– И?..

– И… ну я вроде как растаяла. Я и не заметила, как он меня раздел.

– А больно-то было?

– Немного, но не как тогда.

Талли сама удивилась легкости, с которой могла теперь говорить о ночи, когда ее изнасиловали. Впервые в жизни она вспоминала об этом как о чем-то далеком, о чем-то, что случилось много лет назад, когда она была еще совсем девчонкой. Благодаря нежности Чеда она поняла, что секс – это необязательно больно, что иногда это прекрасно.

– А потом стало совсем хорошо. Я теперь хоть понимаю, про что все эти статьи в «Космо».

– А в любви он признался?

Талли рассмеялась, но в глубине души почувствовала, что это вовсе не так смешно, как ей хотелось бы.

– Нет.

– Уф, слава богу.

– В смысле? Я типа недостаточно хороша, чтобы мне в любви признавались? Любовь для благонравных католичек вроде тебя?

– Он твой препод, Талли.

– А, вот ты о чем. Мне плевать на такую фигню. – Она повернулась к Кейт: – Я-то думала, ты после своих романчиков станешь мне рассказывать, как это все сказочно и прекрасно.

– Я хочу с ним познакомиться, – твердо сказала Кейт.

– Ну, не то чтобы я могла его пригласить на двойное свидание.

– Значит, буду третьей лишней. С ним выгодно будет ужинать, небось и пенсионерскую скидку дадут.

Талли рассмеялась:

– Ну ты и сволочь.

– Вполне возможно, и эта сволочь хочет знать подробности. Все до единой. Можно я буду записывать?


Кейт вышла из автобуса и остановилась на тротуаре, сверяясь с адресом на листке бумаги, который держала в руках.

Все верно, это здесь.

Вокруг сновали толпы народа. Несколько человек задели ее, проходя мимо. Расправив плечи, она пошла ко входу в здание. Какой смысл заранее волноваться? Она и так целый месяц волновалась – и без конца доставала Талли. Убедить ее устроить эту встречу было непросто.

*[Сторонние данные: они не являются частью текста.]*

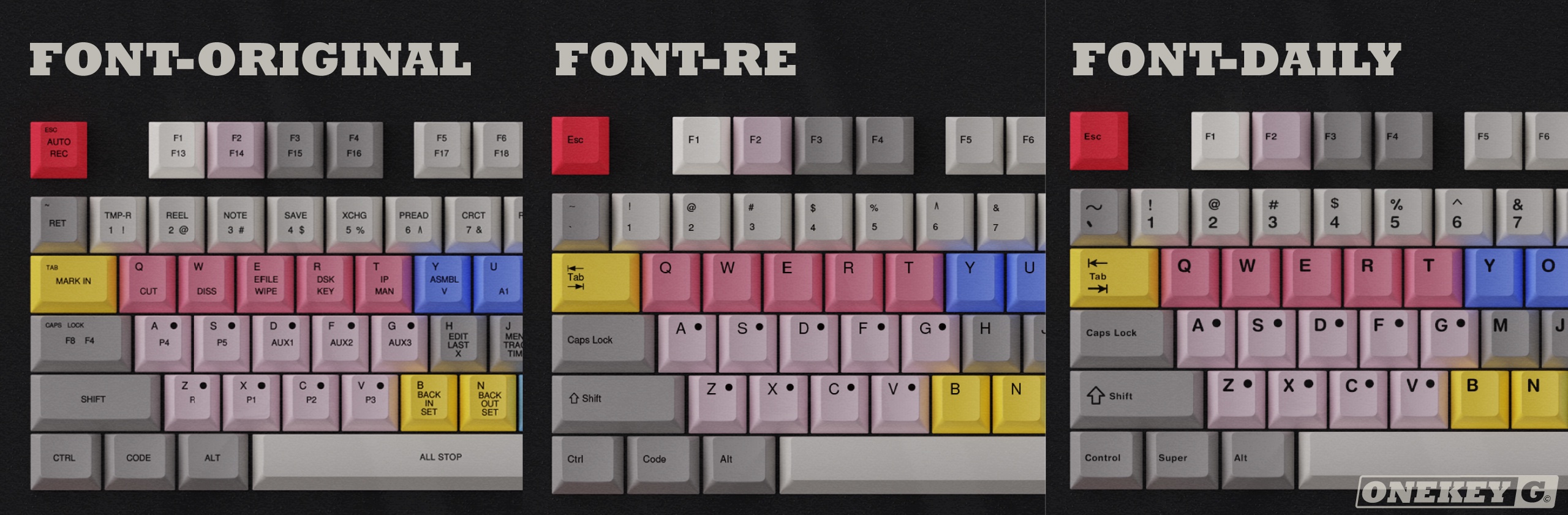 ● RE: A modern-style font that has been completely redesigned with only the color retained ( This font is derived from the new version of MU- set of keycaps. For details about this set of keycaps, please refer to the QQ group documents or the subsequent IC.)
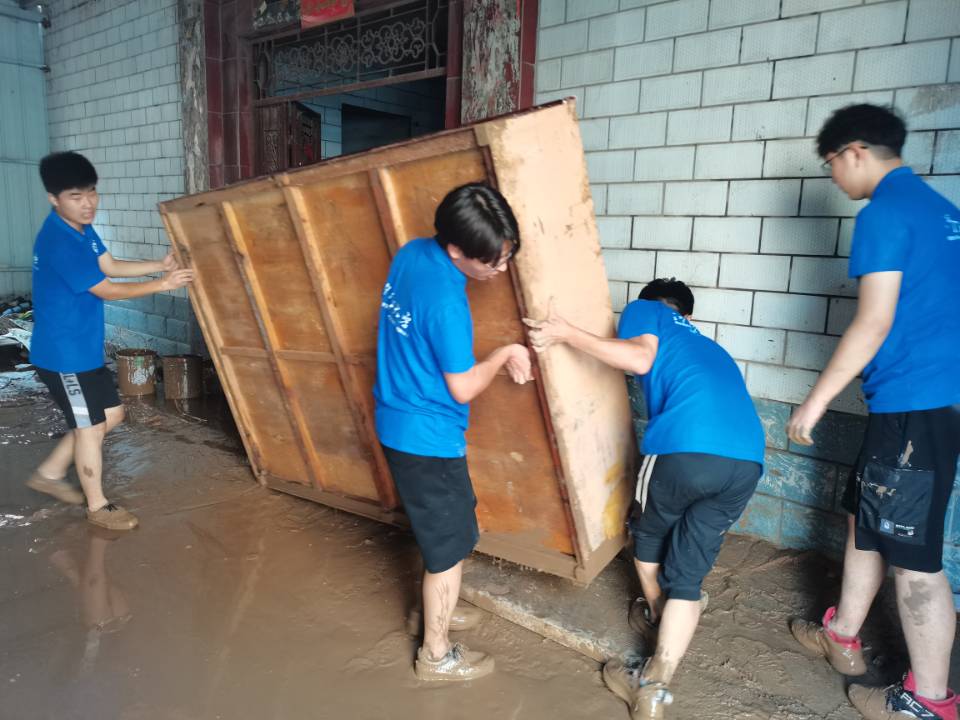 在抢险救灾形势严峻的恩村一街里,实践团成员不畏艰苦,迅速分配任务,协调合作,主动承担起清淤、排水等工作。他们不顾坎坷泥泞的道路和浑浊的积水,用扫把、铲子、铁锹等多种工具,对房屋及道路进行铲土、清障、填装、清理垃圾。“面对自然灾害,我们从不畏惧,因为我们有战胜它的信心和团结一致抗灾的决心。这次的防汛减灾志愿活动将是我们人生中最有意义、最为宝贵的一课,也是我们终生受用的一课。”实践团学生党员任少通、孔震乾、祁义飞难掩对公益志愿服务的热忱激动地表示。最终,实践团成员共疏通沟渠100余米长,铲运垃圾20余车,打扫房间10余间,圆满完成了本次志愿服务活动。志愿服务结束后,恩村一街村民及工作人员向实践团成员表示感谢并合影留念。
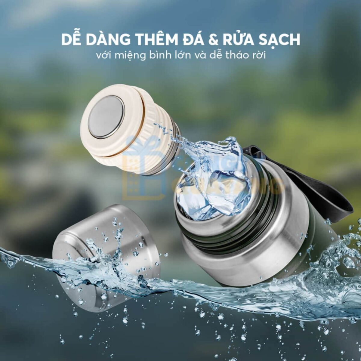 Bình được sản xuất từ inox 316 cao cấp, an toàn tuyệt đối cho sức khỏe, chống ăn mòn và chịu va đập tốt. Công nghệ hút chân không hiện đại giúp bình giữ lạnh lên đến 30 giờ và giữ nóng đến 9 giờ, đáp ứng đa dạng nhu cầu sử dụng từ nước uống, trà, cà phê đến các loại đồ uống thể thao. Miệng bình rộng giúp dễ dàng thêm đá và vệ sinh nhanh chóng.
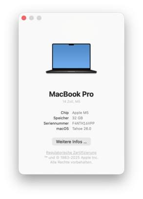 | Apple MacBook Pro 14 2025 M5 Apple M5 (10 Cores) ⎘ Apple M5 GPU ⎘ 32 GB Memoría, 1024 GB SSD | Amazon: 1. $1,999.00 Apple 2025 MacBook Pro Lapto... 2. $2,189.13 Apple 2024 MacBook Pro Lapto... 3. $19.96 BlueSwan Anti-Cracking Hard ... Precio de catálogo: 2739€ | 1.5 kg | 15.5 mm | 14.20" 3024x1964 254 PPI Mini-LED | |
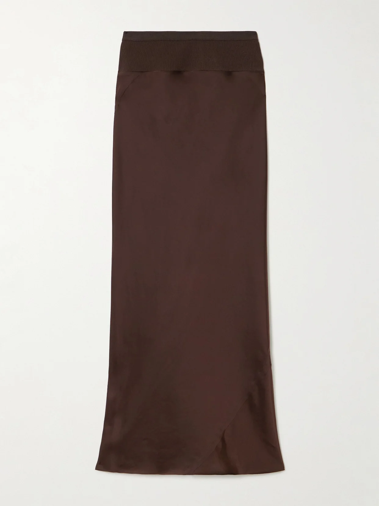 Rick Owens updates the classic slip skirt with a ribbed cotton-blend panel along the elasticated waistband, adding subtle textural contrast. It's made from lustrous charmeuse that's cut on the bias and has a godet back for floaty movement.
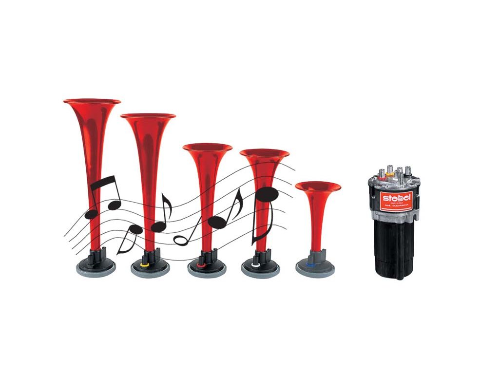 5-trubkové fanfáry poháněné vzduchovým kompresorem hrající melodii. Aftermarketová sada obsahuje vše potřebné pro instalaci. Souprava je určena především pro osobní automobily, motocykly a nákladní auta na 12V. Trubky jsou červené, plastové.
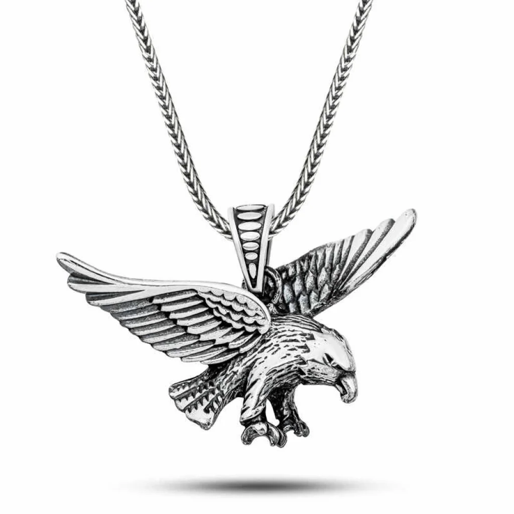 Gücün,özgürlüğün ve yüksek ideallerin sembolü olan kartal figürüyle tasarlanmış bu şık kolye,cesur ve özgün stilinizi tamamlayacak.Kartalın keskin bakışı ve güçlü kanat detaylarıyla işlenen bu özel tasarım,doğadan ilham alan stil sahibi erkekler için mükemmel bir tercihtir.Günlük kullanıma uygun olduğu gibi özel günlerde de fark yaratmak isteyenler için ideal bir aksesuardır.Gümüş üzerine oksit kaplama yapılmıştır.Oksit kaplama yapılan gümüş kolyeler parlaklığını uzun süre muhafaza eder,oksitlenmesi gecikir.Ürünlerimizin tamamı el emeği ile üretilmiştir. Gümüş ve değerli taşlar nedeniyle belirtilen ortalama ürün ağırlığında ± %10 sapma olabilmektedir.
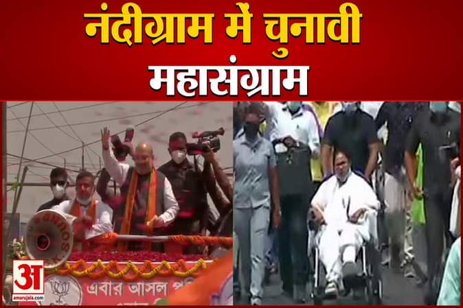 पश्चिम बंगाल में मंगलवार दूसरे चरण के मतदान के लिए प्रचार का अंतिम दिन है। राज्य की हॉट सीट बने नंदीग्राम विधानसभा में मुख्यमंत्री ममता बनर्जी और केंद्रीय गृह मंत्री अमित शाह के कार्यक्रम हुए। ममता बनर्जी जहां व्हीलचेयर पर बैठकर पदयात्रा पर निकली तो वहीं, शाह ने भी एक रोड शो में हिस्सा लिया।
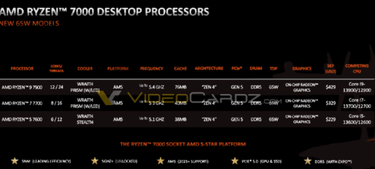 從圖中可以看到,PPT 顯示 AMD 銳龍 7000 系列的 R9 7900、R7 7700、R5 7600 都是 65W TDP,具體規格為:
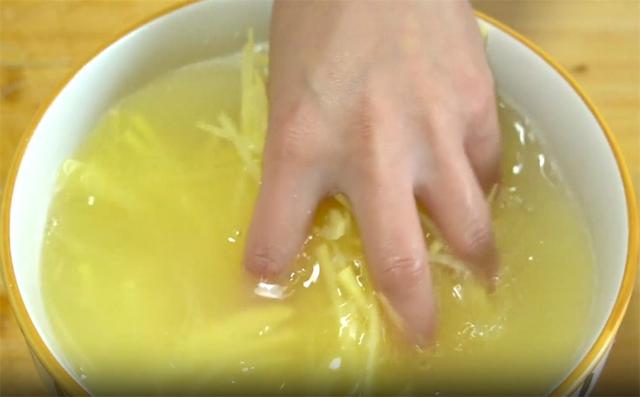 1.大家好,土豆丝一般拿来炒菜,今天分享个用土豆丝做的懒人早餐,六分钟就能出锅,营养好吃还不油腻。先准备两个土豆,把皮去掉切片,再切成丝,想要更省事的话,可以用擦丝器,但是这样切出来的土豆丝比擦出来的口感更好一些,切好以后放进大碗里,加入足量的清水,让土豆丝在里面泡一会儿,把多余的淀粉泡出来。
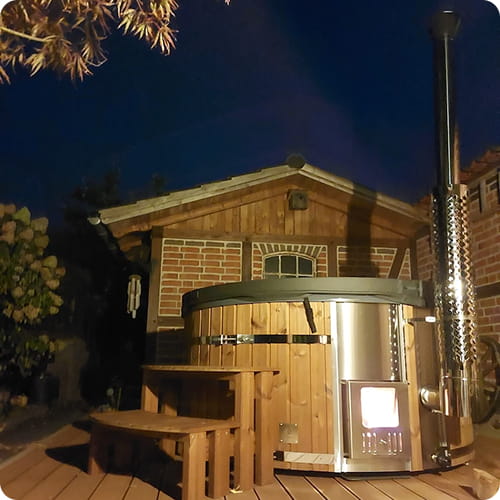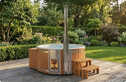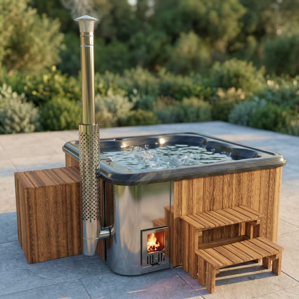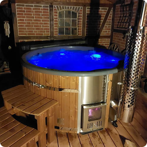 Premium Sandfilter Wood Fired Hot Tub with Jets | Integrated stove AISI 316 | 24 Hydro jets | 4–6 seater
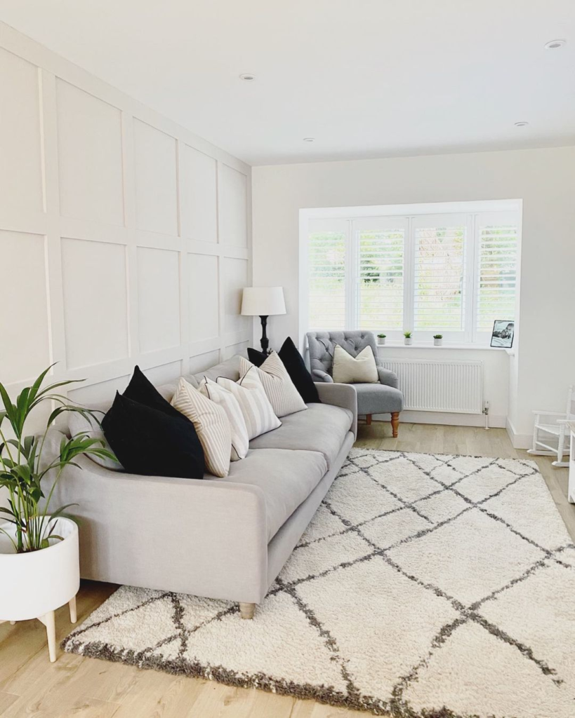 The clean lines of the white paneling in this cream living room exude understated elegance. A sprawling sectional sofa and a plush diamond-patterned rug anchor the space in comfort and style. Subtle gray tones and lush indoor plants inject life and contrast, creating a modern sanctuary.
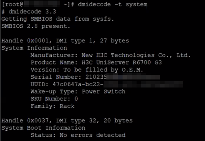 Check the server's SN again to confirm it is the server (this command is not needed for the HDM remote console; it is recommended to execute it again via ssh for confirmation). The command is dmidecode -t system.

Но в конце концов Кейт использовала безотказное заклинание, выкинула из рукава старый козырь: «Ты что, не доверяешь мне?» После этого оставалось только определиться с датой.

И вот теплым летним вечером она направляется ко входу в незнакомое заведение, похожее на бар, чтобы выполнить важную миссию: уберечь подругу от самой большой ошибки в жизни.

Секс с преподом.

Ну серьезно, каковы шансы, что это хорошо закончится?

Оказавшись внутри «Последнего поворота на Бруклин»[67], Кейт решила, что попала в какой-то другой, доселе скрытый от нее мир. Во-первых, заведение было просто огромное, столиков семьдесят пять, не меньше: мраморные вдоль стен, грубые деревянные в середине. В самом центре располагалась сцена с пианино. На стене возле пианино она заметила загнувшийся по краям, выцветший постер с текстом поэмы Desiderata[68]. «Средь суеты и шума оставайся безмятежным и помни – в тишине найдешь покой».

Здесь уж точно не найдешь ни покоя, ни тишины. Ни кислорода.

В воздухе висело плотное серо-голубое марево, под потолком клубился дым. Курили почти все. Мельтешили красные огоньки сигарет, зажатых между пальцев подвижных, взлетающих в такт разговорам рук. Сперва Кейт показалось, что нет ни одного свободного столика – кругом люди играли в шахматы, раскладывали карты Таро, спорили о политике. Несколько человек сидели на стульях, расставленных вокруг микрофона, и бренчали на гитарах.

Пробираясь вглубь помещения, она разглядела, что на улице за дверью тоже стоят столы и за ними тоже сидят люди, тоже разговаривают, тоже курят.

Талли расположилась за столиком в дальнем углу, где почти не было света. Заметив Кейт, она вскочила и замахала руками.

Кейт протиснулась мимо женщины, курившей сигарету с гвоздикой, бочком обогнула колонну.